The Fourier power density looks good, too.
ListPlot[PeriodogramArray[intensity[eta]][[2 ;; 2000]], {PlotRange -> All, Joined -> True}]
I've plotted elements [[2;;2000]]
because the whole plot is just a wad of unresolved stuff. Element 1 is the zero frequency term, large and uninteresting. Note the small peaks between the larger ones: there's really some "tick, tock" going on. There's some feature in the sound that alternates from pulse to pulse. Investigating this is left for the future.
To get an accurate period and a pulse profile, we'll fold and resample the data. First, choose how many resampled points to have per pulse period. This shouldn't be critical: it should be enough to resolve the persistent features in the pulses without oversampling them too much.
samplesPerTick = 1000;
The resampling function periodicDecimate
filters and resamples the data so that there are exactly samplesPerTick
samples per pulse period.
periodicDecimate[dat_Audio, frequency_Quantity] := ArrayResample[intensity[dat],
Scaled[frequency samplesPerTick/AudioSampleRate[dat]], Antialiasing -> True]
Now, take the average signal in modular time, with the modulus being the assumed pulse period. The resampling makes this a simple array manipulation.
fold[dat_Audio, frequency_Quantity] :=
With[{dd = periodicDecimate[dat, frequency]},
Mean /@ Transpose[ArrayReshape[dd,
{Floor[Length[dd]/samplesPerTick], samplesPerTick}]]]
Now, a couple of parameters to restrict the frequency search space to minimize the chance of a spurious result.
fLow = Quantity[5.99, "Hz"];
fHigh = Quantity[6.01, "Hz"];
The folded pulse profile will be weak and broad if the assumed frequency is wrong. It will be strong and narrow if the frequency is right. Its variance is a good measure. Annoyingly, we have to dequantify and quantify to plot it.
Plot[Variance[fold[eta, f Quantity["Hz"]]],
{f, fLow/Quantity["Hz"], fHigh/Quantity["Hz"]}]
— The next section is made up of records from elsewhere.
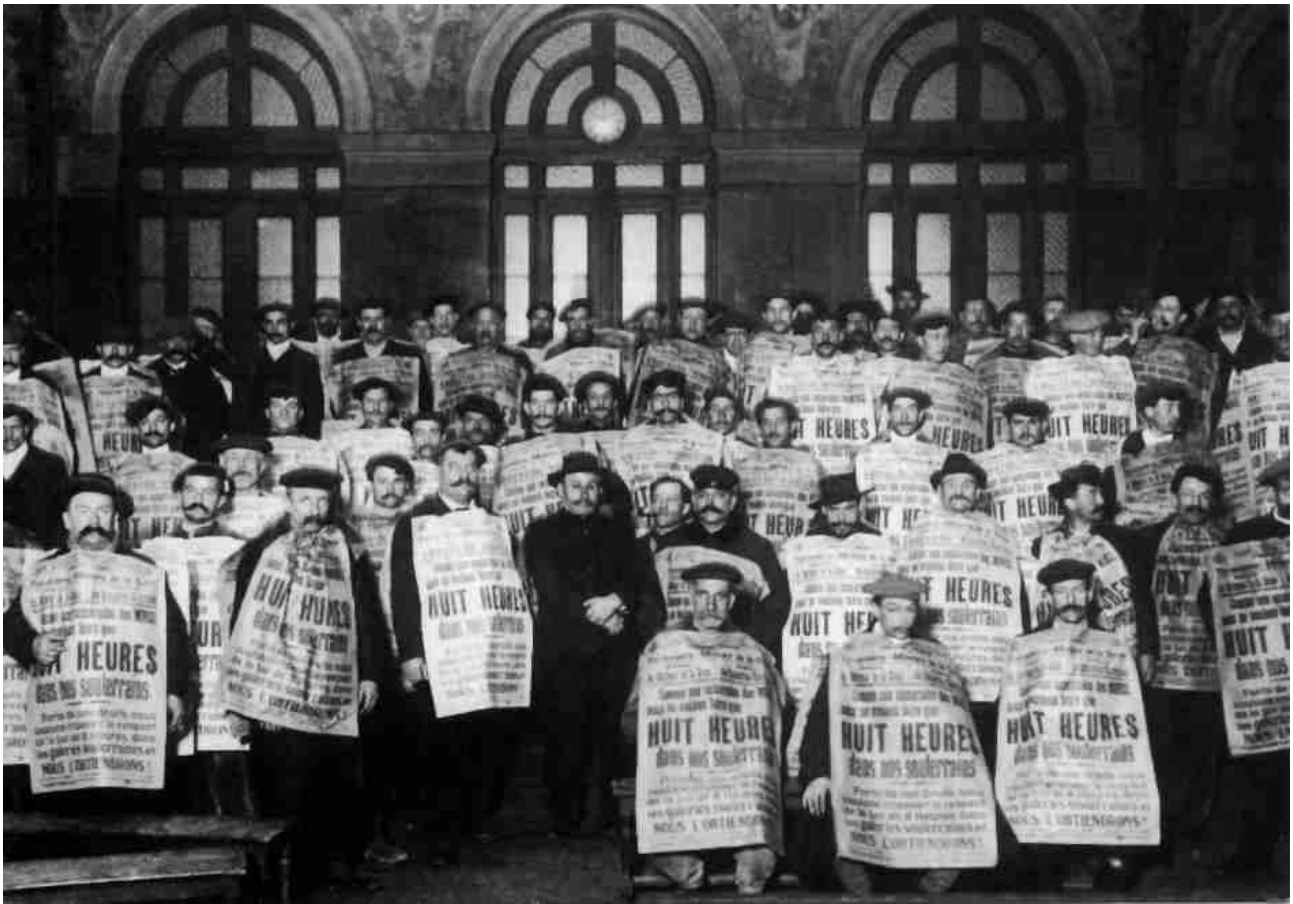
Terrassiers du métro en lutte pour la journée de 8 heures (Paris, 1913)

avec l'apolitisme ; le syndicalisme ne peut être apolitique quand il remet en cause la société toute entière. À la République bourgeoise, le syndicalisme d'action directe oppose la République des travailleurs :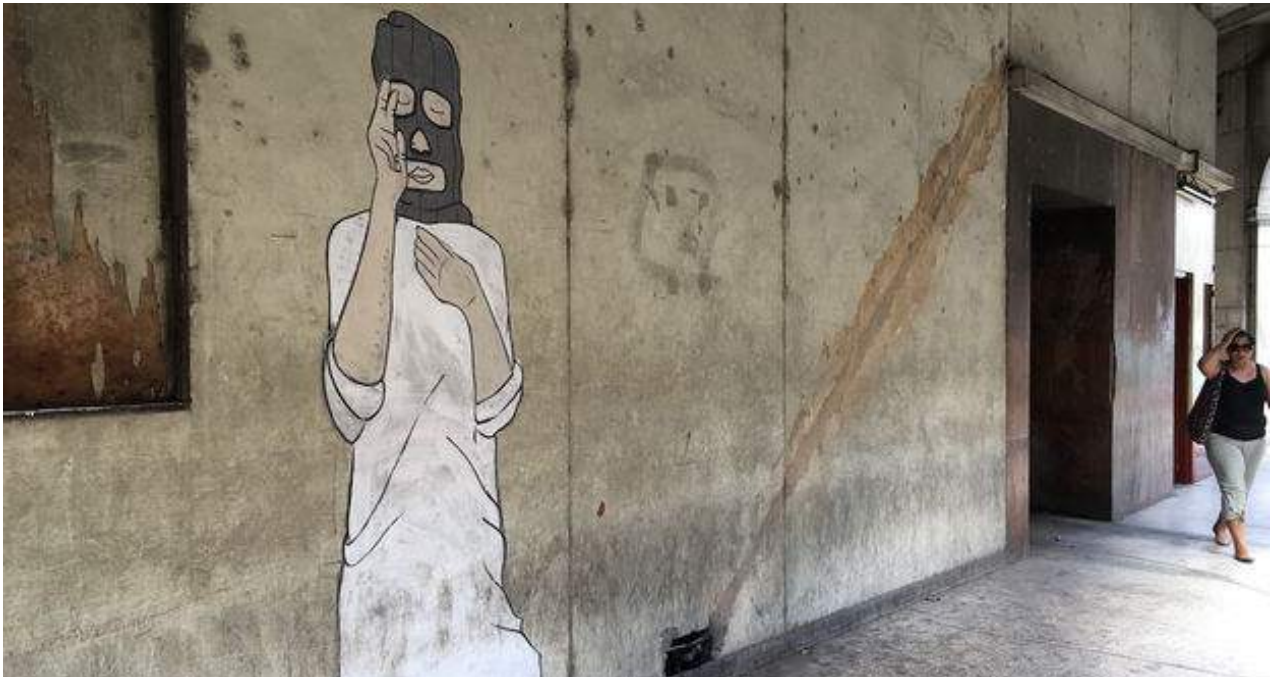
Grafiti de 2+2=5 en un muro de La Habana.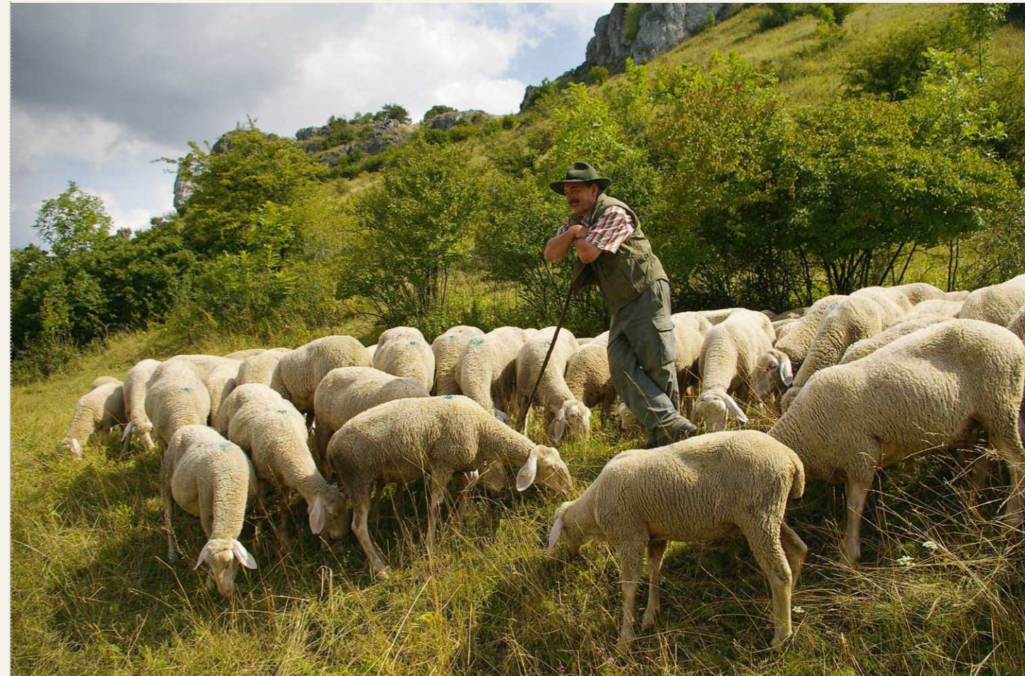
Die Hänge des Walberlas gehören zu den Weideflächen des Juralammes.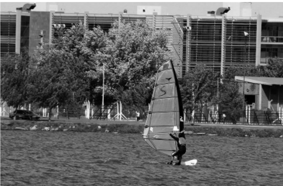
Está ubicada en el cruce de dos de las principales rutas nacionales de Argentina. Esta condición hace de la ciudad lugar elegido para la realización de eventos de toda índole. Con importante infraestructura hotelera, amplios salones y variada gastronomía, es eje distributivo de la actividad turística provincial.

Las inversiones en edificios torres, también se incrementan de manera constante, de manos de los privados; en tanto que nuevos barrios van ocupando la periferia, en un crecimiento continuo con aportes del Estado Provincial y Nacional.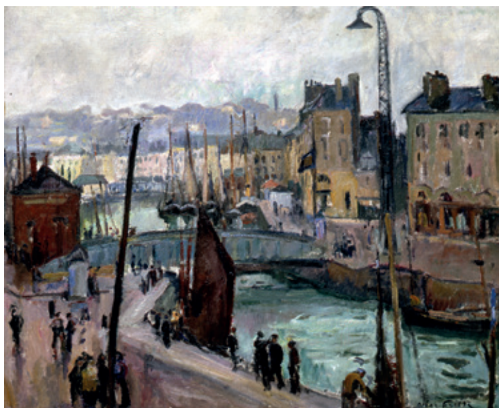
Émile Othon Friesz, Le Havre, bassin du Roy , fin 1905 - début 1906, huile sur toile, 61 x 74 cm Le Havre, musée d'art moderne André Malraux (Inv : 77.39) © MuMa Le Havre © ADAGP, Paris

Dans l'œuvre peint de Dufy on trouve des sujets identiques à la même époque. Le port du Havre au crépuscule ou Effet du soir. Quai de Videcoq au Havre , une huile sur toile datée de 1902 et conservée au musée Calvet à Avignon (Fig. 5) représente le même endroit, à quelques immeubles près, puisqu'on se trouve à l'angle du quai et de la rue des drapiers avec un effet de nuit similaire mais traité dans des tonalités brunes. On peut aussi rapprocher de cette œuvre Le Port du Havre 11 , une gouache sur papier datée de 1898, déposée par le Musée National d'Art Moderne (MNAM) au MuMa ainsi que les aquarelles réalisées sans doute à la même époque, offertes par Dufy lui-même en 1900 au Musée des Beaux-Arts de la ville, Le Quai de l'Île 12 et Le Havre, les docks 13 .

Note the very sharp peak. Unlike the usual periodogram, this incorporates information from the detailed pulse shape, or, if you prefer to think that way, from the train of harmonics in the spectrum. Find the peak:
fMax[dat_Audio] :=
f Quantity["Hz"] /. NMaximize[Variance[fold[dat, f Quantity["Hz"]]],
{f, fLow/Quantity["Hz"], fHigh/Quantity["Hz"]}][[2]]
fMax[eta]
(* Quantity[5.9991, "Hertz"] *)
Here's the mean pulse profile:
ListPlot[fold[eta, %], PlotRange -> All, Joined -> True]
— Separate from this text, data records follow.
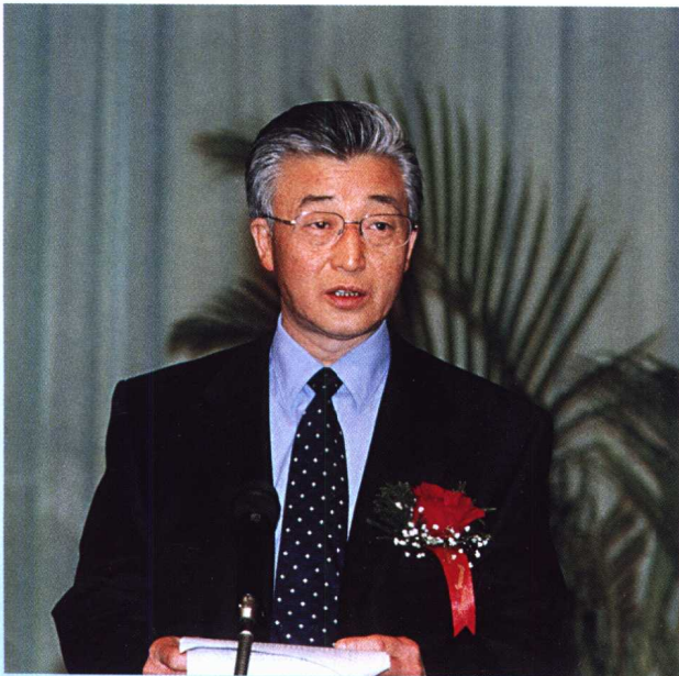
农业部副部长齐景发出席中国水产学会第七次全国会员代表大会，并发表讲话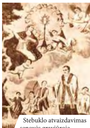
Stebuklo atvaizdavimas senovės graviūroje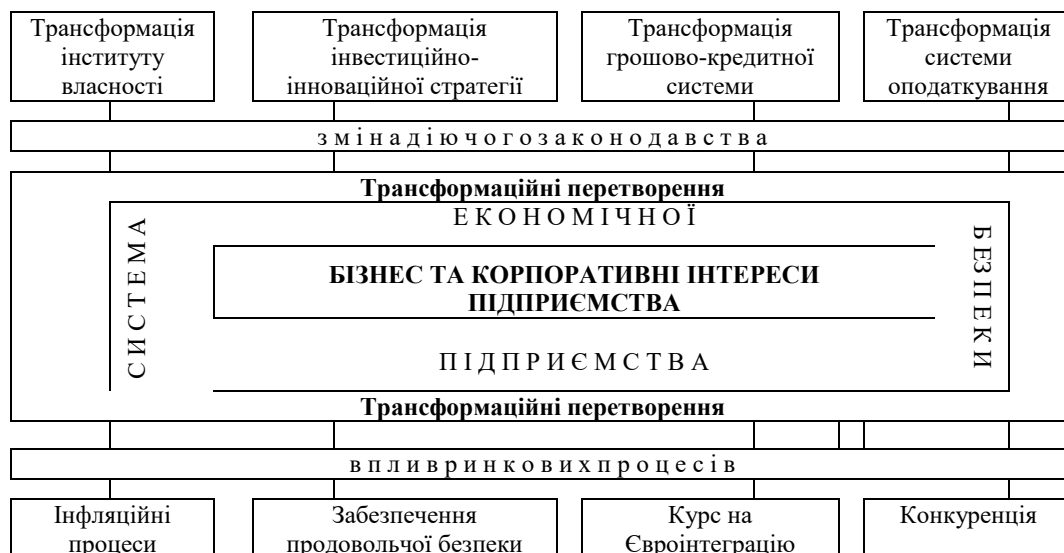
Рис. 2. Модель впливу трансформаційних процесів різної природи на економічну безпеку підприємства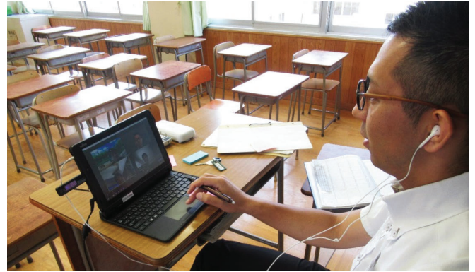
【オンライン授業配信(教職員)】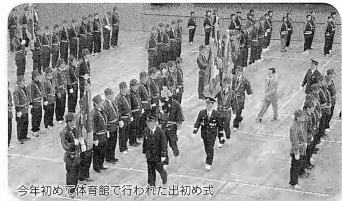
今年初めて体育館で行われた出初め式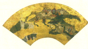
源氏物語扇面画 胡蝶／伊山文庫蔵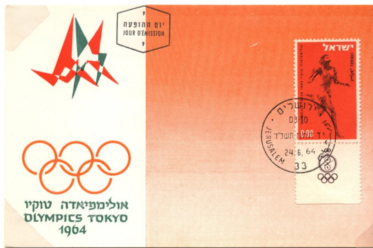
郵票附邊印有國際奧林匹克「五環旗」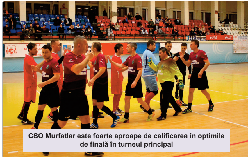
CSO Murfatlar este foarte aproape de calificarea în optimile de finală în turneul principal

cotidianul „Telegraf”, cu sprijinul Asociației Județene de Fotbal Constanța, în parteneriat cu Direcția Județeană pentru Sport și Tineret Constanța.

Now, the Phenix. We have to change the frequency range.
phenix = Import["phenix_140sc.m4a"];
fLow = Quantity[4.99, "Hz"];
fHigh = Quantity[5.01, "Hz"];
fMax[phenix]
(* Quantity[5.00396, "Hertz"] *)
ListPlot[fold[phenix, %], PlotRange -> All, Joined -> True]
Warning: this code uses the sample rate in the audio file. Clock oscillators in audio equipment are often specified to only a part in 10^4. This precision is more than adequate for audio, but may not be enough for your purposes. Frequency drift within spec, especially with temperature, is common, so a single calibration may not suffice.